To do
Word for word, restate the listing that follows and leave out the images.

Provided data
BEGIN

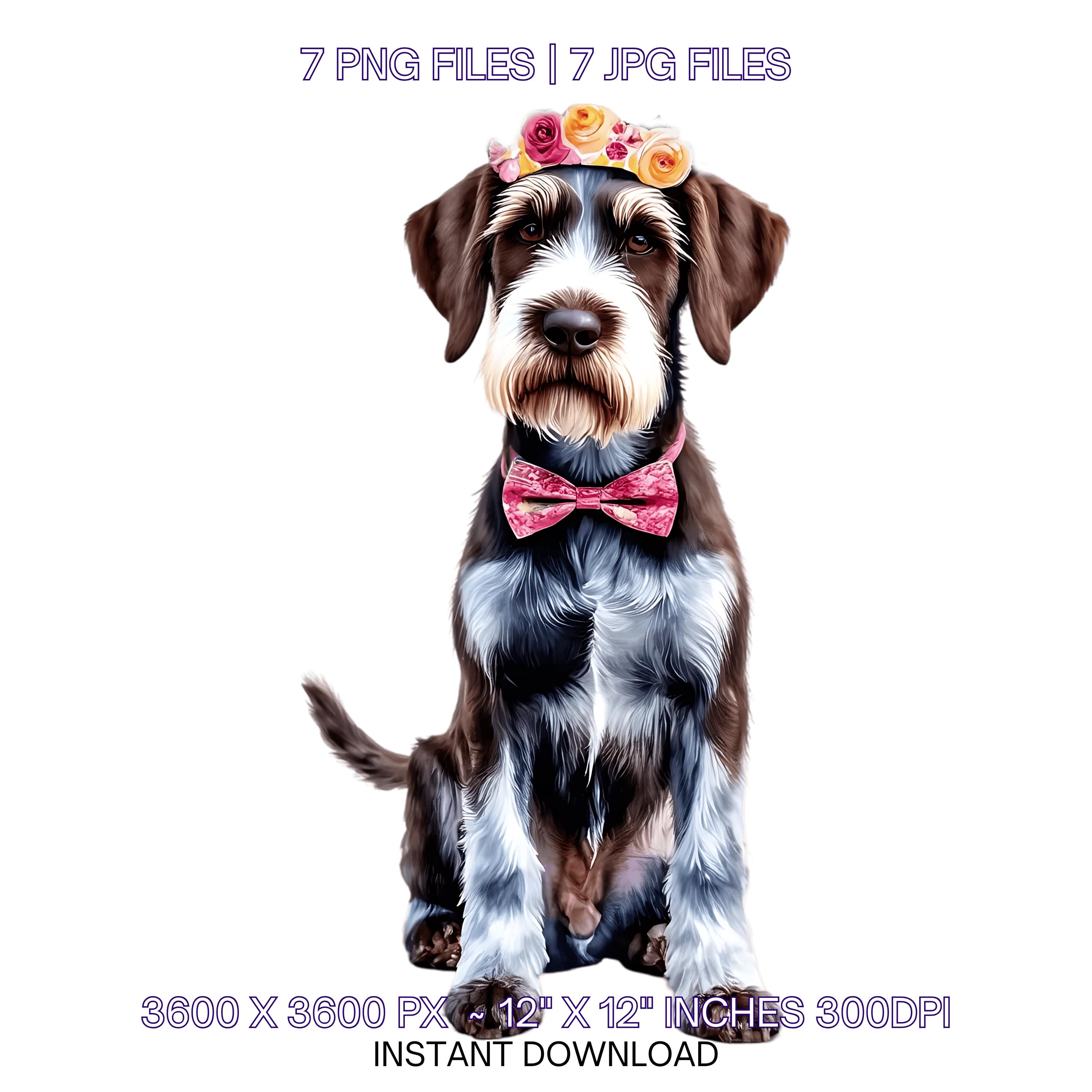German Wirehaired Pointer Dog Wearing Floral Bow & Bunny Ear Handband Ready for Easter Egg Hunting Clipart PNG, 7 Dog Lover Commercial Use is an eye-catching, high-resolution digital asset designed for creators, crafters, teachers, and small business owners looking to elevate their visuals.
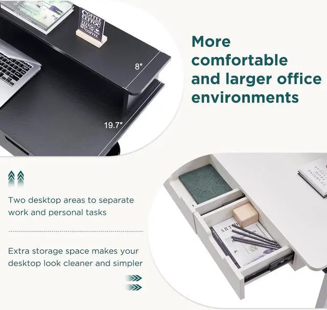 The computer desk has several convenient features. It has built-in power outlets, allowing easy charging of devices such as laptops and smartphones. On both sides of the desk, handy hooks are provided for hanging items, keeping your essentials within reach. The desk also features a 360-degree rotating cup holder, ensuring you can enjoy your beverages without worrying about spills. Additionally, it comes with a keyboard tray, providing a designated space for comfortable typing. Lastly, the desk offers two drawers for storing small items, helping you organize your workspace.
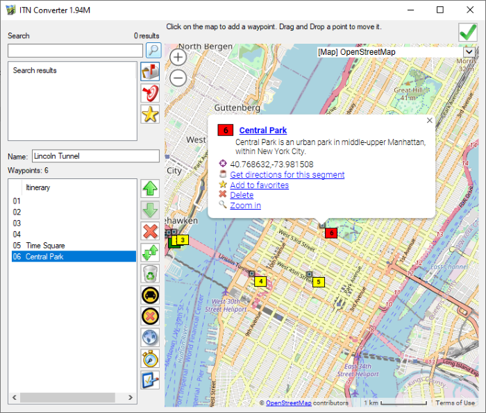 ITNConverter è un convertitore di file di dati GPS con il quale puoi anche modificare file KML. Supporta una varietà di formati per eseguire modifiche e conversioni tra cui KML, GPX, RTE, WPT, CSV, XML e altro. Basta aprire un file KML e quindi modificare il contenuto facendo clic suEditoreopzione. Il suo strumento Editor ti fornisce una mappa in cui puoi visualizzare tutti i waypoint. È possibile fare doppio clic sulla mappa e quindi fare clic suAggiungi all'itinerarioopzione per aggiungere il waypoint alla traccia o al percorso esistente.

END

Task result
German Wirehaired Pointer Dog Wearing Floral Bow & Bunny Ear Handband Ready for Easter Egg Hunting Clipart PNG, 7 Dog Lover Commercial Use is an eye-catching, high-resolution digital asset designed for creators, crafters, teachers, and small business owners looking to elevate their visuals.
 The computer desk has several convenient features. It has built-in power outlets, allowing easy charging of devices such as laptops and smartphones. On both sides of the desk, handy hooks are provided for hanging items, keeping your essentials within reach. The desk also features a 360-degree rotating cup holder, ensuring you can enjoy your beverages without worrying about spills. Additionally, it comes with a keyboard tray, providing a designated space for comfortable typing. Lastly, the desk offers two drawers for storing small items, helping you organize your workspace.
 ITNConverter è un convertitore di file di dati GPS con il quale puoi anche modificare file KML. Supporta una varietà di formati per eseguire modifiche e conversioni tra cui KML, GPX, RTE, WPT, CSV, XML e altro. Basta aprire un file KML e quindi modificare il contenuto facendo clic suEditoreopzione. Il suo strumento Editor ti fornisce una mappa in cui puoi visualizzare tutti i waypoint. È possibile fare doppio clic sulla mappa e quindi fare clic suAggiungi all'itinerarioopzione per aggiungere il waypoint alla traccia o al percorso esistente.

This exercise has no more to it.